As to the lack of difference in overall survival rates among veterans despite a difference in treatment intensification rates, George noted, “We focused only on patients with metastatic prostate cancer, so the differences in rates of aggressiveness by race may be negated when we eliminated patients with non-metastatic prostate cancer (more commonly in white patients). Next, focusing on the metastatic setting, the early deaths may be driven by the most aggressive cancers in both races where the disease is not solely dependent on hormonal signals. I suspect that over time we will see a difference in survival, but it may take longer follow up and more patients.”
Molecular Testing
Treatment intensification can slow or prevent metastatic prostate cancer from becoming castration resistant or failing to respond to ADT, but still, many patients will develop this more challenging form of the disease. In recent years, treatment options for mCRPC have multiplied, offering hope for longer survival.

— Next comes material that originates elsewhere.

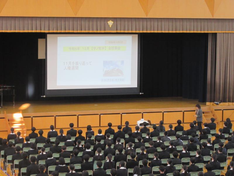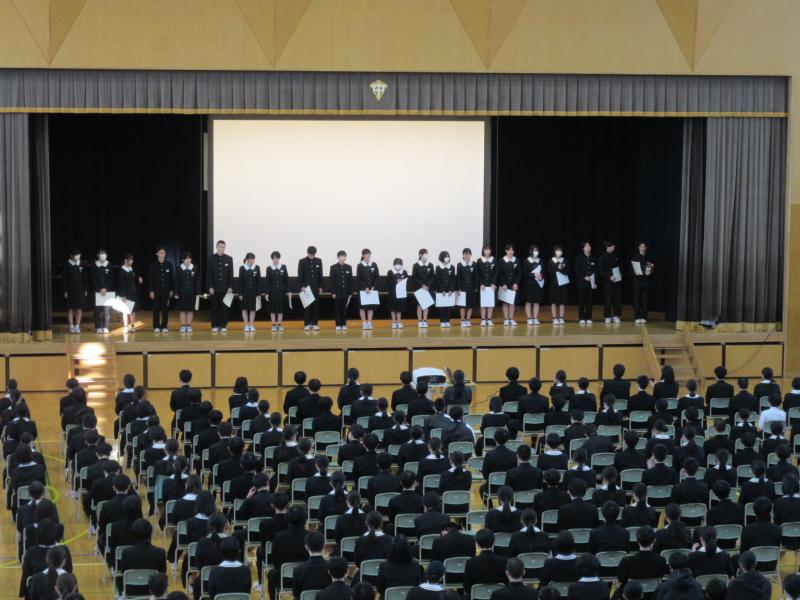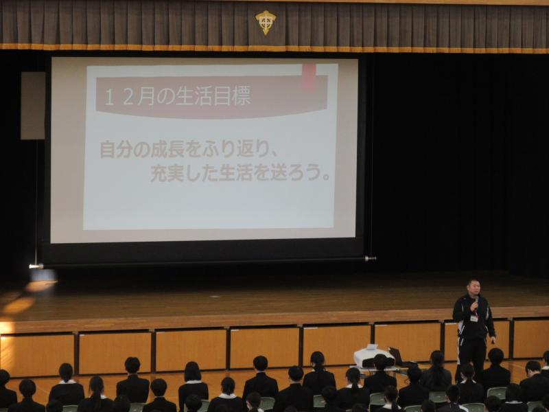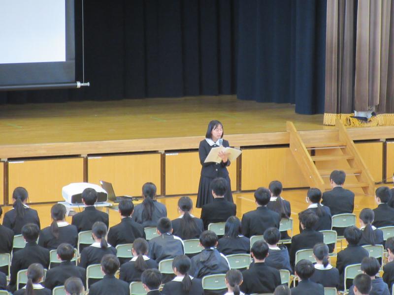 生徒指導担当の先生からは、規則正しい生活を送り、有意義な冬休みにしてほしいと話がありました。注意してほしいこととして、SNSのトラブルに巻き込まれないこと、これから雪が降ると道路状況が悪くなるので十分注意をすることがありました。そして「自分の命は自分で守る」ことを一人一人考えて行動してほしいと話していました。

Many of the new treatments for mCRPC, however, are targeted therapies that require tumor testing for appropriate selection. Consequently, National Comprehensive Cancer Network guidelines recommend genetic testing for all patients with metastatic prostate cancer, which can identify those with actionable homologous recombination repair (HRR) pathway mutations and other variants with therapeutic targets.
In partnership with the Prostate Cancer Foundation since 2016, the VA has striven to improve access to and use of both tumor testing for somatic mutations and germline testing for hereditary mutations that could affect response to targeted medications. A partnership with Foundation Medicine Inc. established in 2019 dramatically increased comprehensive genomic profiling.
Of 9,852 veterans with mCRPC diagnosed between 2016 and 2021, 20% received tumor testing, with nearly three-quarters of that testing occurring in 2020 and 2021. In 2016-2017, less than 2% of veterans received testing. Testing rates rose rapidly after 2019, reaching 33% in 2020 and 40% in 2021.2
Of those tested, 15% were positive for a pathogenic HRR mutation, such as BRCA2, for which poly(adenosine diphosphate-ribose) polymerase (PARP) inhibitors olaparib and rucaparib are approved treatments. Other therapies for common mutations include pembrolizumab for prostate cancer patients with microsatellite instability-high (MSI-H) or mismatch repair-deficient (dMMR) cancer.
As metastatic prostate cancer is a highly heterogeneous disease, increased testing to identify new therapeutic targets and better match treatments is needed.
A recent study found two new clusters of mutational signatures that bear further analysis. These included known clinically actionable mutations in SMO, ABL1, MET, ALK, FGFR2, and JAK3. “Additionally, we identified mutations in SMAD4/TGFβ (NCT02452008), ROS1, PTEN, EGFR, and BRAF, where therapies are currently being explored in the MATCH Trial (NCT02465060). We also identified mutations in GNAS that warrant further clinical exploration if confirmed in another larger cohort,” the researchers noted.3
- George DJ, Agarwal N, Ramaswamy K, Klaassen Z, et. Al. Emerging racial disparities among Medicare beneficiaries and Veterans with metastatic castration-sensitive prostate cancer. Prostate Cancer Prostatic Dis. 2024 Apr 2. doi: 10.1038/s41391-024-00815-1.
- Hung A, Candelieri D, Li Y, Alba P, et. Al. Tumor testing and treatment patterns in veterans with metastatic castration-resistant prostate cancer. Semin Oncol. 2023 Feb-Apr;50(1-2):11-24.
- Hernandez KM, Venkat A, Elbers DC, Bihn JR, et. Al. Prostate cancer patient stratification by molecular signatures in the Veterans Precision Oncology Data Commons. Cold Spring Harb Mol Case Stud. 2024 Jan 10;9(4):a006298.